Tribune, like all newspaper companies, has considerably more to worry about today than just sustaining editorial excellence. If the emergence of a global capital market has quickened the pace and shortened the focus of Wall Street, consolidation in the radio and television industries and the emergence of new technologies -- namely the Internet -- have produced a crowded, competitive media market that newspapers cannot ignore. "This has changed the goals of the management teams that run these companies," says Doug. "They can no longer just raise prices and fees at will. They have to run tough businesses with good margins and good cash flow. If they don't do that, investors get annoyed, and there is a much broader set of options for investors in the media sector than there was twenty years ago." Beyond pleasing investors, newspapers need the purchasing power that a strong stock price and healthy cash flow bring to grow in an age of convergence and cross-ownership. "You've got to have the cash flow to invest," says Doug, "and you only have the cash flow to invest if you are making good money. At the same time, you must be mindful of investing in the product. So it's a balance."

 


STRIKING A BALANCE

John and his wife have three daughters and a home in Santa Monica. Doug and his wife have two dogs and live in the Long Island house where he and John grew up. The Giants -- John's team -- currently have a few more wins than the New York Mets -- Doug's team. Their worlds are different, yet inextricably bound. For them, a balance is struck through love and respect.

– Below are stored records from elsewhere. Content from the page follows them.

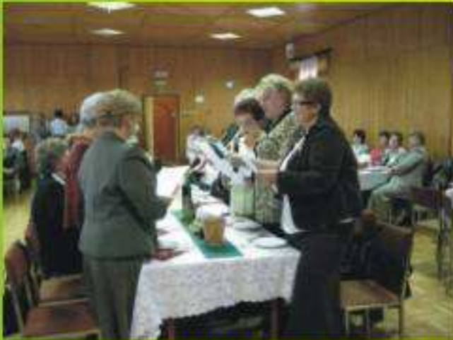
Miejskie Koło Kobiet Jedlicze - Centrum
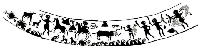
Decoració del Got de Llíria, s. III aC

En el Museu de Prehistòria de València es conserva l'anomenat «Got de Llíria», datat en el segle III aC. El seu fris mostra el que, amb tota seguretat, és el document gràfic més antic de tots els que hi ha relatiu a un joc amb bous.
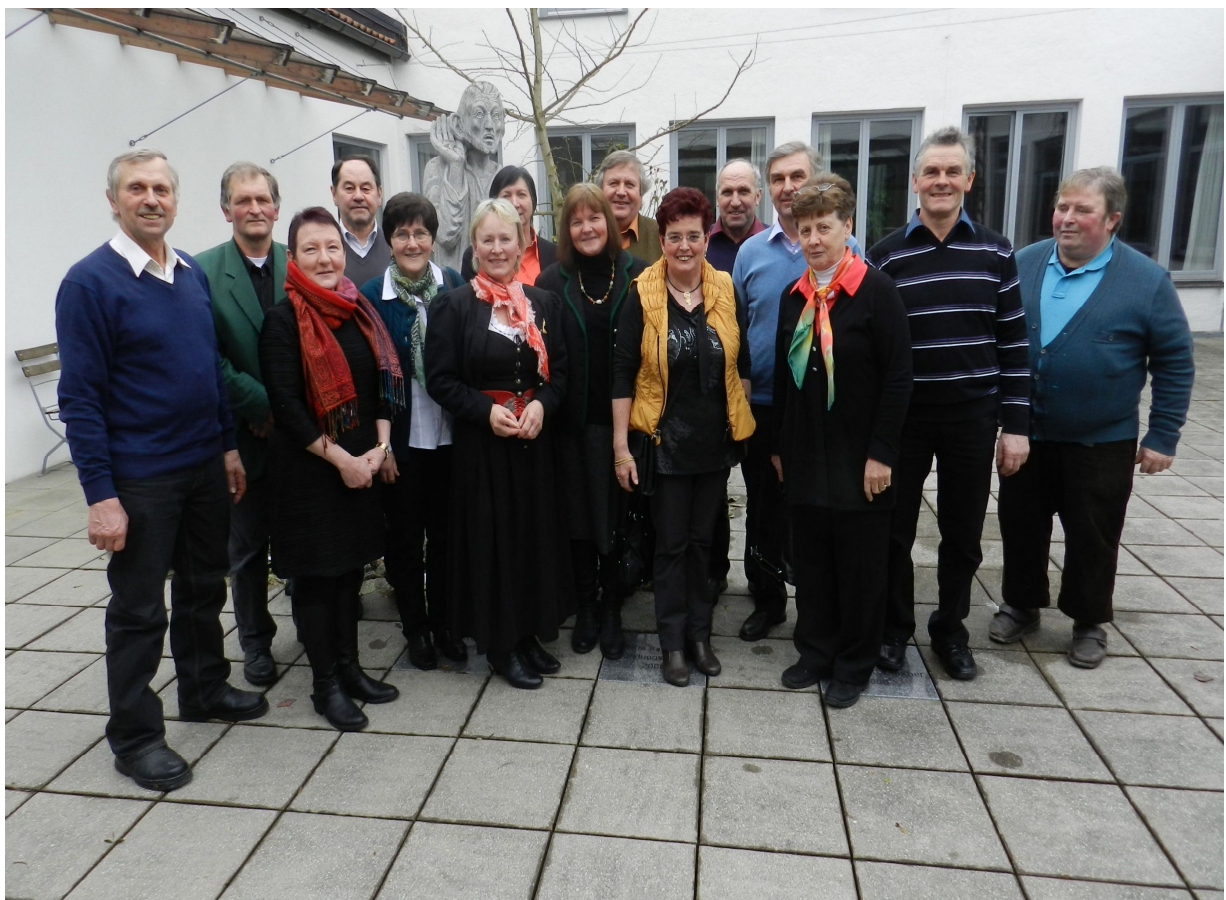
2013 – 40-jähriges Jubiläumstreffen

Im Laufe der Zeit machte sich jedoch in den meisten Regionen der Trend bemerkbar, dass der Zuspruch immer weniger wird. Und der Frust bei den Sprechern immer mehr. Dies war auch sehr spürbar und oft dominierend in den Beiratssitzungen in NA.
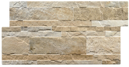
ANDES BEIGE 33,2X66,5 - 13,1"X26,2"
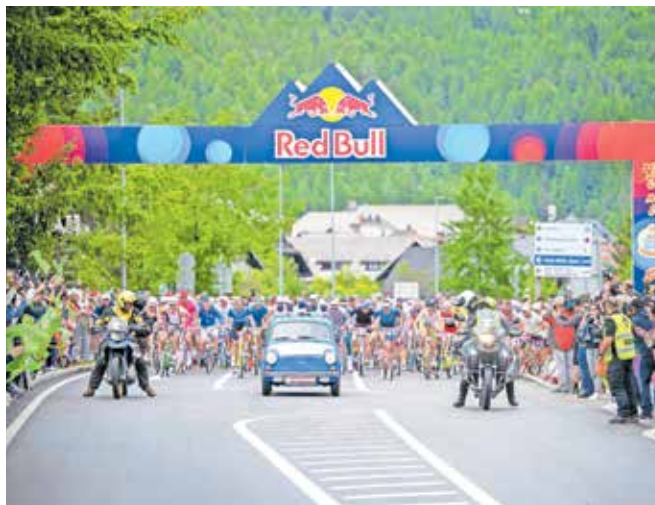
Na startu v spremstvu legendarnega fička

But in the absence of that blood bond, how does the newspaper industry reach détente with Wall Street? The industry has been described as being like "a men's club," full of tradition and camaraderie. Maybe therein lie the roots of collective resistance. Maybe, John says, it will take all of the c.e.o.s following the lead of Donald Graham, the c.e.o. of The Washington Post Company, who has long made it known that he manages for the long haul and investors who don't like it can put their money elsewhere. That's exactly what Al Neuharth, of all people, urged at a conference at the University of Missouri journalism school in April. What would happen if all the newspaper c.e.o.s said enough? "Their stocks would sell off," Doug Arthur says, without hesitation. Would the investors eventually come back? "I think they would, but not with the same enthusiasm." So maybe saying "no" to the market wouldn't be the financial disaster some have portrayed it to be. In fact, when Doug pulls up the pertinent data on his computer screen, they show that the stock of the Graham-led Washington Post Company has gained value at almost the same clip as Gannett stock over the last ten years, despite vastly different management philosophies. One can argue a range of contributing factors; for instance, that having Warren Buffett own a sizable chunk of the Post is reassuring to investors. But, as Doug says, "despite a relatively cavalier attitude toward earnings, Washington Post has still been a reasonably good stock to own."

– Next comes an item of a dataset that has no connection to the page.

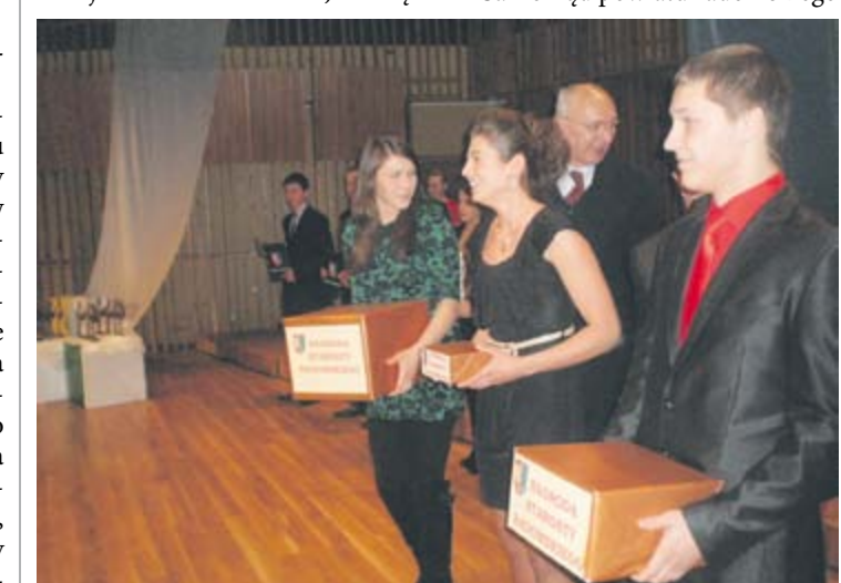
Laureaci kategorii wiekowej 1996 i młodszy otrzymali nagrody ufundowane przez Starostwo Radomskie
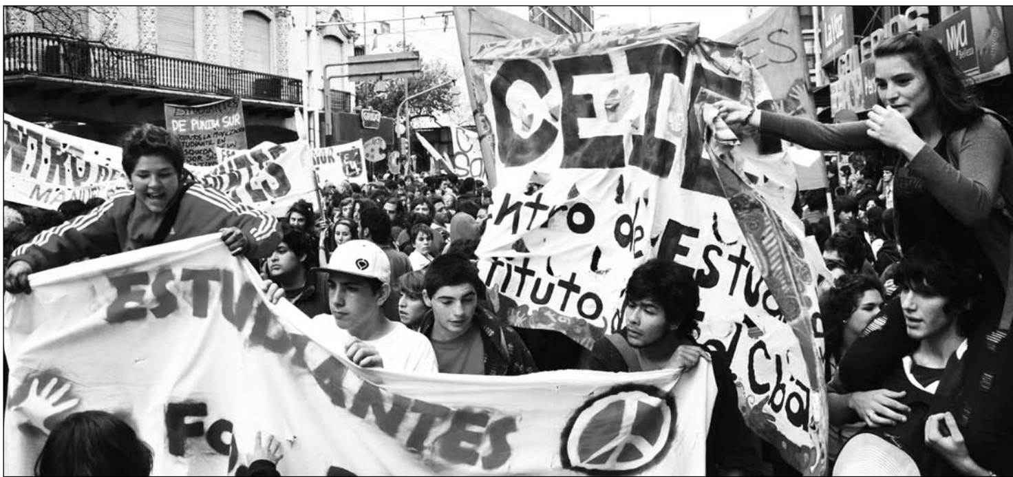
Movilización de estudiantes secundarios en Córdoba. Los partidos patronales instrumentan el derecho al voto para embrutecer a la población por medio de la mentira; los revolucionarios toman el derecho al voto para desnudar sus limitaciones y oponer, a la delegación del poder, su ejercicio directo por medio de métodos asamblearios.

El centroizquierda, por el contrario, pusilánime y mediocre por definición, ha salido a repetir lo que ya hemos escuchado en YPF o en Ciccone; a saber: que apoyan al proyecto oficial, "haciendo reserva" de las intenciones manipuladoras del gobierno. Desconocen el carácter estratégico que debe tener toda oposición real al bonapartismo y son, por supuesto, adversarios de una oposición estratégica al capitalismo y a los regímenes políticos que lo encarnan. De este modo, su voto por la expropiación de Ciccone ha servido para rescatar a Boudou; el voto por la estatización parcial de YPF,

Striking a balance requires compromise from both sides. Since most newspapers already are hugely profitable, it raises the question, How much is enough? The consistent answer from Wall Street is that the market will always demand more. But readers are demanding, too, and they have other choices. So the question lingers. Between John and Doug Arthur, and between the newsrooms and the boardrooms. "We live in a greedy society," says John. "But this is a pressure newspapers don't need right now . . . The move to raise margins doesn't seem to have a ceiling. Why is 10 percent good enough for some industries and we gotta go to thirty?"

 


Brent Cunningham is CJR's associate editor.